Royal Naval Museum

 

Heroes of the Squadron

Charles Hotham

NAME

Sir Charles Hotham

LIVED

1806 – 1855

POSITION

Commodore of the West Africa Squadron.

WHEN DID HE JOIN THE SQUADRON?

He entered the Navy in 1818 and was made Commodore of the Squadron in 1846, the same year he was made a KCB.  He served as the Commodore of the Squadron until 1849.

TELL ME MORE ABOUT HIM

Like Captain Denman, Hotham was called upon to give a significant amount of evidence in several of the government’s Select Committees on the West African Squadron and the slave trade.  Hotham particularly argued for the improvement of the Squadron’s ships, stating, “There is not one sloop on the African station that can compete in sailing with a well-formed slaver.” Under his instructions, the ships of the Squadron only patrolled offshore and the detached boat service that had long been practiced on the station was ended. 

Many in the Navy with experience of the West Africa station, including officers like Denman and Matson, did not agree with the decisions Hotham made as Commodore.  Denman described Hotham’s policy of distant cruising as ‘aimless cruising’, while Matson thought that Hotham misunderstood the nature of the slave trade on the African coast. Both officers firmly believed that his decision to distance the Squadron from the coast and to withdraw the active boat service crippled the squadron and severely reduced its effectiveness. 

However, Hotham was adamant that the policy of in-shore cruising and detached boat service were the cause of much of the ill-health of the Squadron, and he ordered that no boat was to spend the night in a river and that the crews were not permitted to land.  It is revealing, however, that despite the disagreements between himself and Denman, when the legal case failed against Denman following his destruction of slave barracoons in the Gallinas River, Hotham decided to follow Denman’s example and burnt them a second time.

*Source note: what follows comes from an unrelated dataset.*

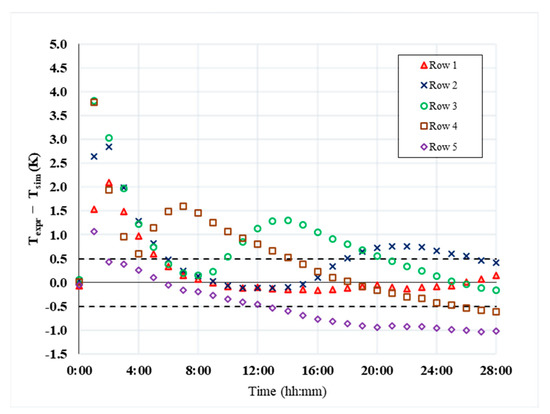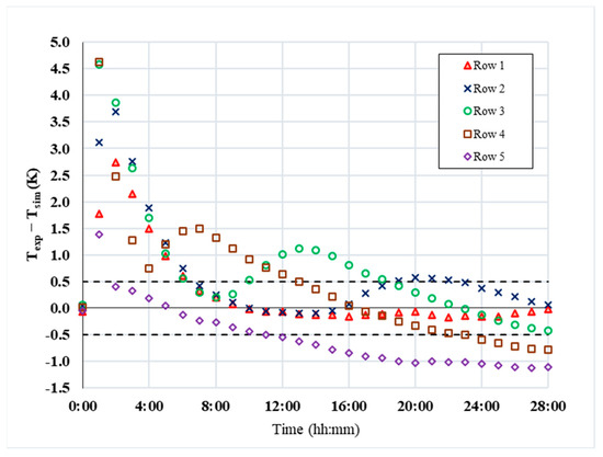 Temporal evolution of the differences between experimental and simulated temperatures, Texp − Tsim (K), obtained in approach C (EHC model) for each row of thermocouples in the experimental equipment. Dashed lines show the experimental error of the thermocouple probes.

WHAT IS HE BEST REMEMBERED FOR?

Sir Hotham is not remembered as the most effective of the Squadron’s Commodores in West Africa even though he had strong convictions on how to run the Squadron.  Unfortunately, his every action was scrutinised by both Parliament and the media, due to the Select Committees that were already underway when he took command. 

Fundamentally, Hotham believed that suppression was impossible under the conditions granted to the Squadron.  It was not a realistic task to patrol over 2000 miles of coast with only 24 ships at the Squadron’s disposal.  When giving evidence to the Hutt Committee, Sir Hotham concluded:

“The plan under which we have been hitherto acting has entirely failed; it matters little whether we keep our ships inshore, or allow them to cruise; it could never succeed.”

Hotham was made the Lieutenant-Governor of Victoria, Australia in 1853 and he died two years later, after catching a chill while opening the Melbourne Gasworks.